[WORK TASK] Directions for the data below: repeat exactly the lines from the one with "7、拔下节气门电脑传感器的插头 注意红色夹子要轻轻扳" through the one with "В параде, прошедшем", both included, and omit all pictures.

Records from a data source
Start of Block

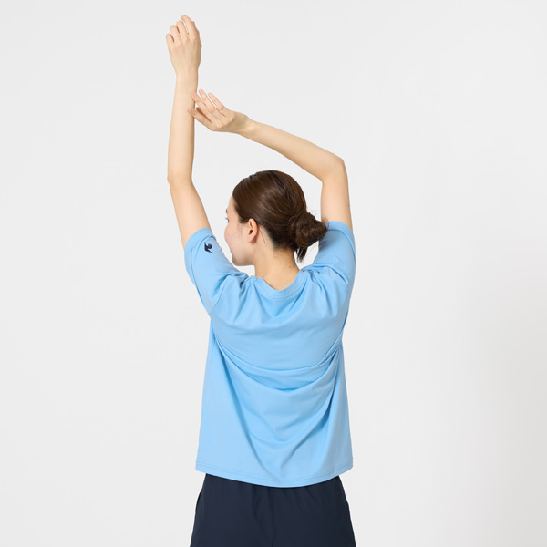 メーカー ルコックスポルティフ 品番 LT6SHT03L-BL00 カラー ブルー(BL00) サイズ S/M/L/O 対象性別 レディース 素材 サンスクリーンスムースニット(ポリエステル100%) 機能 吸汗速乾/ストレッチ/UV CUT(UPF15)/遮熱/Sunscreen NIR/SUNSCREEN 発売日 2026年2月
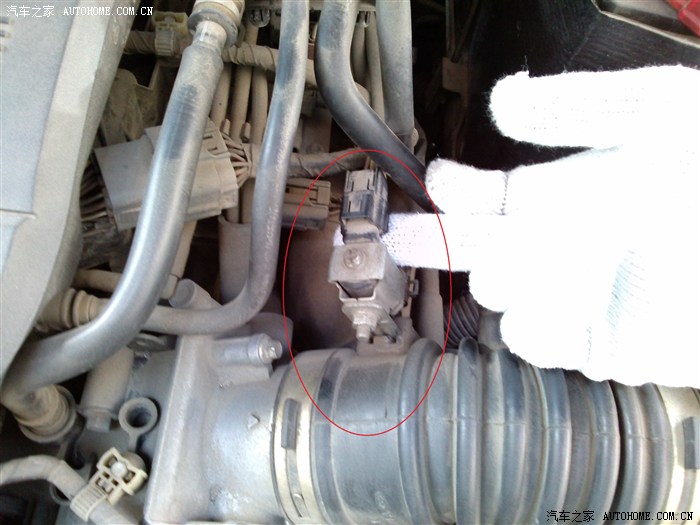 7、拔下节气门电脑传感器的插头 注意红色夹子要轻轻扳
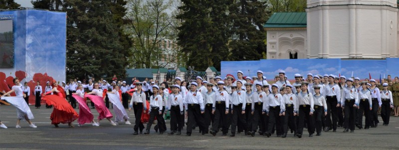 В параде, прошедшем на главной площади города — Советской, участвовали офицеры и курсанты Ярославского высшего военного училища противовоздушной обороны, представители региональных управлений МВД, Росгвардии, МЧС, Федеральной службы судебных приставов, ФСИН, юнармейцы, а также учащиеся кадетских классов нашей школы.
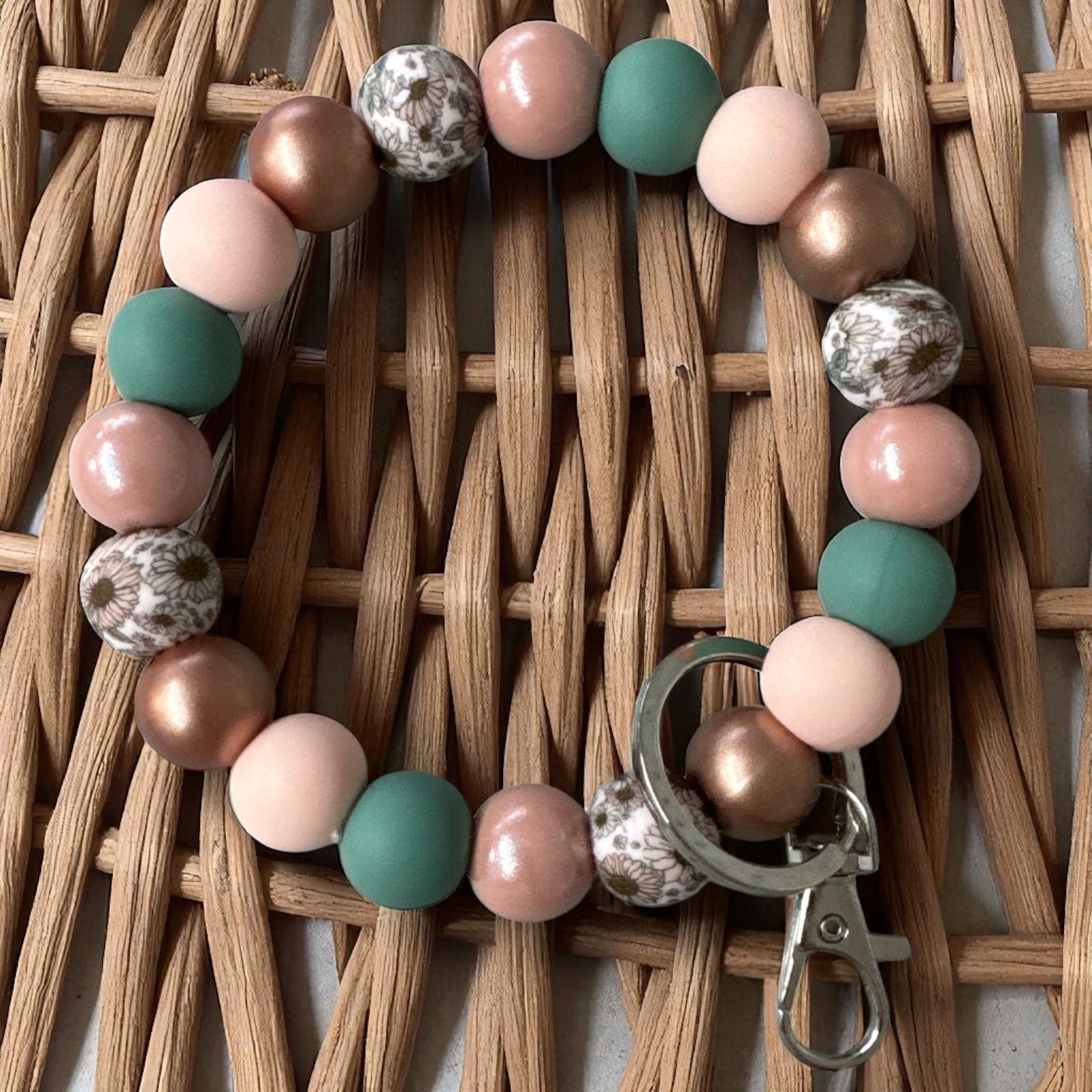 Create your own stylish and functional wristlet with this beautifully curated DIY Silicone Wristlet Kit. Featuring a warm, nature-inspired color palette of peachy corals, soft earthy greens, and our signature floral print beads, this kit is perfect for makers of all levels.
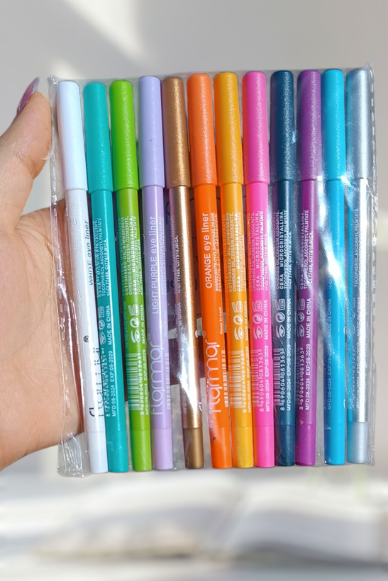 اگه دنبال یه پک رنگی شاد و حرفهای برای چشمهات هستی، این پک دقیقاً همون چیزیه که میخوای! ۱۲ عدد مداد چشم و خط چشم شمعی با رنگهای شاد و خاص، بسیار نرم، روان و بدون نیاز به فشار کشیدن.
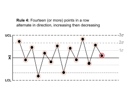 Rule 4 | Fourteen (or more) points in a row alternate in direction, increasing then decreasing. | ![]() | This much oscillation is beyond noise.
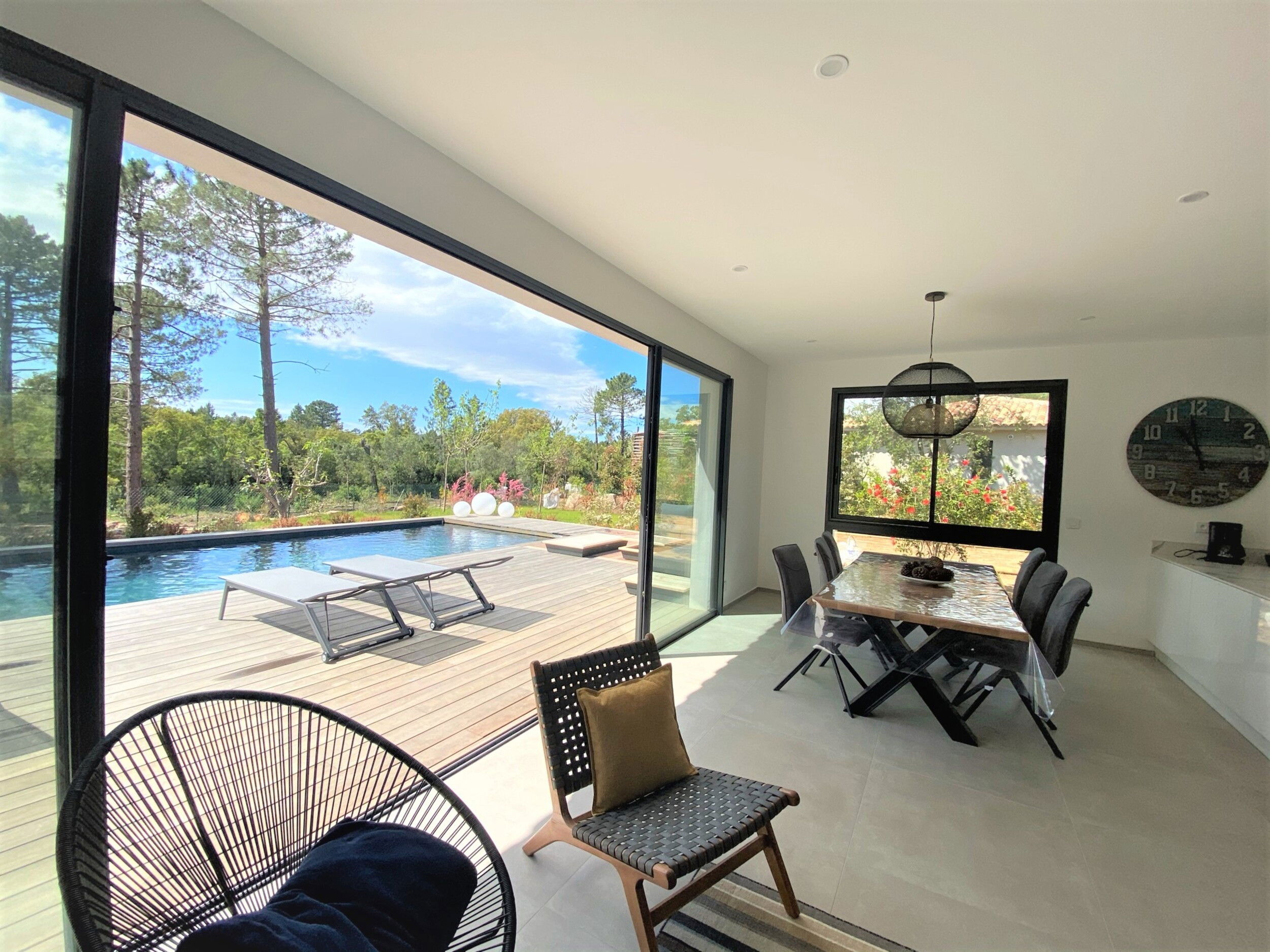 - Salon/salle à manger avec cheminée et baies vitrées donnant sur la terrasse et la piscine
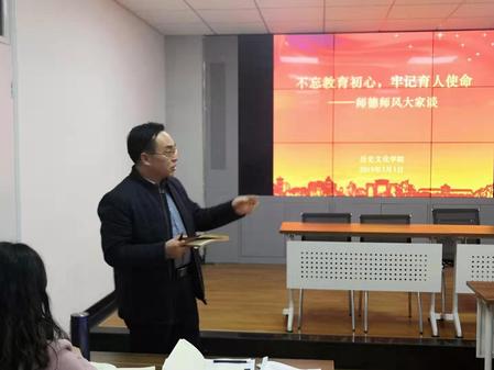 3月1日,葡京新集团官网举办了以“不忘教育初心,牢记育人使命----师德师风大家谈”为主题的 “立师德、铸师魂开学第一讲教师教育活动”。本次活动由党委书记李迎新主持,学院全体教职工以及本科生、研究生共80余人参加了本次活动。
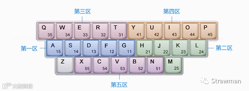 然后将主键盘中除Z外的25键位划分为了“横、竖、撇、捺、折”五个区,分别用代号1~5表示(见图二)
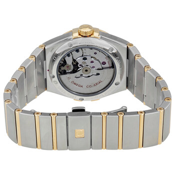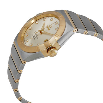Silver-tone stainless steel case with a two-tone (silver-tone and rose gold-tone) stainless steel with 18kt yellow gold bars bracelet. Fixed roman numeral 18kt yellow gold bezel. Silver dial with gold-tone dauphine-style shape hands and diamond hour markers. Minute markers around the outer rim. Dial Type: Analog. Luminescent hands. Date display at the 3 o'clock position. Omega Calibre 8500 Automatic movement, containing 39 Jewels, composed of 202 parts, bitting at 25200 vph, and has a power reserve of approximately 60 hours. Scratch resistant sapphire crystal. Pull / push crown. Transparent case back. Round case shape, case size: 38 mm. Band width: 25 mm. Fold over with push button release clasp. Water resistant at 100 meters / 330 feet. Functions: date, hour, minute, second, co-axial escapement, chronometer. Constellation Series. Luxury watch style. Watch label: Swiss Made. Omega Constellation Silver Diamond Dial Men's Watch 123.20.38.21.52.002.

End of Block

[ANSWER FOR THIS EXERCISE]
 7、拔下节气门电脑传感器的插头 注意红色夹子要轻轻扳
 В параде, прошедшем на главной площади города — Советской, участвовали офицеры и курсанты Ярославского высшего военного училища противовоздушной обороны, представители региональных управлений МВД, Росгвардии, МЧС, Федеральной службы судебных приставов, ФСИН, юнармейцы, а также учащиеся кадетских классов нашей школы.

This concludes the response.